:: Problem requirements ::
Every line below from the one containing "De Sobremesa vaas L" through the one containing "新車(登録して3ヶ月以内)に" must be transcribed exactly. Omit all lines outside that stretch.

:: Material provided ::
__________

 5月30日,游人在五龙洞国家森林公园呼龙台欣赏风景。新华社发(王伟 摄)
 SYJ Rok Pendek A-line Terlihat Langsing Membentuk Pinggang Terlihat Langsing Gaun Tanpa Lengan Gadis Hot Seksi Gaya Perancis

__________

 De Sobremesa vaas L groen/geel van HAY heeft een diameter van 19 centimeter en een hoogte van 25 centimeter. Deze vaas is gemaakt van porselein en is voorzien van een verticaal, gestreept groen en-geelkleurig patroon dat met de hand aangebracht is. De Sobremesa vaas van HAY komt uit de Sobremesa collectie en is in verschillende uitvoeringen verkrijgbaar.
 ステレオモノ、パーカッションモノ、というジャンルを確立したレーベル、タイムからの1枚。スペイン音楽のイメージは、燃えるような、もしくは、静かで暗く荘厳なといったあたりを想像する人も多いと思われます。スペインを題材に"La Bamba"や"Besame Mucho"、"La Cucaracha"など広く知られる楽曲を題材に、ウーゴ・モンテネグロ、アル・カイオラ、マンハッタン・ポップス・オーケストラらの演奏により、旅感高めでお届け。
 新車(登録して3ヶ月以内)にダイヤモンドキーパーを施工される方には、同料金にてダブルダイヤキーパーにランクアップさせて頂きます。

__________

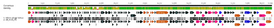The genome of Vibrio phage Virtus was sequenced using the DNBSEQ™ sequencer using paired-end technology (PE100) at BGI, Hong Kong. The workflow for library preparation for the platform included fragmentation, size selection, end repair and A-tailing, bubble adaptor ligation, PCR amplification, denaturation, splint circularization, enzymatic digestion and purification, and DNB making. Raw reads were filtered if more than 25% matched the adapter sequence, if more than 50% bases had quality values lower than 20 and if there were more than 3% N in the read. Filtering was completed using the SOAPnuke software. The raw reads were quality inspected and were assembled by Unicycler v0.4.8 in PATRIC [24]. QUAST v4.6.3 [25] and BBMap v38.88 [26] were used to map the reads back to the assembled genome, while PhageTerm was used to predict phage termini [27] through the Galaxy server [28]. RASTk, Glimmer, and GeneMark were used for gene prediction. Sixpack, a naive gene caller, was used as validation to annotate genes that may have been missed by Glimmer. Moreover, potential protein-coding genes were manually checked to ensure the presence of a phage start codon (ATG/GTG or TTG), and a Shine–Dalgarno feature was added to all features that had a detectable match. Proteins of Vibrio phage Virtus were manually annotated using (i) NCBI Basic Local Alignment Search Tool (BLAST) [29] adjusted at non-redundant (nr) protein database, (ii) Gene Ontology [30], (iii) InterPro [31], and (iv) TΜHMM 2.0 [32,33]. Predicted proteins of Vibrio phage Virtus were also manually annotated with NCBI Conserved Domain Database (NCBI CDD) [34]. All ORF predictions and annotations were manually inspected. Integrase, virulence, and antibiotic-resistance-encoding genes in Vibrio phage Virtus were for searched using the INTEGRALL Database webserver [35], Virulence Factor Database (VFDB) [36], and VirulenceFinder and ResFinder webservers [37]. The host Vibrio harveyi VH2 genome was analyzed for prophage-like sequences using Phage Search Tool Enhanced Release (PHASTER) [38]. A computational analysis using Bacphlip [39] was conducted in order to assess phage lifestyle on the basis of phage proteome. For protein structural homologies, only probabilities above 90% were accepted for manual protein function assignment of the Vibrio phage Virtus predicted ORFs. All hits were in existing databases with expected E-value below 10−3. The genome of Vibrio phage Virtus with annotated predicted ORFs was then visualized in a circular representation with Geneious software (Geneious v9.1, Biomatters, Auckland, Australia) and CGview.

__________

:: Task result ::
 De Sobremesa vaas L groen/geel van HAY heeft een diameter van 19 centimeter en een hoogte van 25 centimeter. Deze vaas is gemaakt van porselein en is voorzien van een verticaal, gestreept groen en-geelkleurig patroon dat met de hand aangebracht is. De Sobremesa vaas van HAY komt uit de Sobremesa collectie en is in verschillende uitvoeringen verkrijgbaar.
 ステレオモノ、パーカッションモノ、というジャンルを確立したレーベル、タイムからの1枚。スペイン音楽のイメージは、燃えるような、もしくは、静かで暗く荘厳なといったあたりを想像する人も多いと思われます。スペインを題材に"La Bamba"や"Besame Mucho"、"La Cucaracha"など広く知られる楽曲を題材に、ウーゴ・モンテネグロ、アル・カイオラ、マンハッタン・ポップス・オーケストラらの演奏により、旅感高めでお届け。
 新車(登録して3ヶ月以内)にダイヤモンドキーパーを施工される方には、同料金にてダブルダイヤキーパーにランクアップさせて頂きます。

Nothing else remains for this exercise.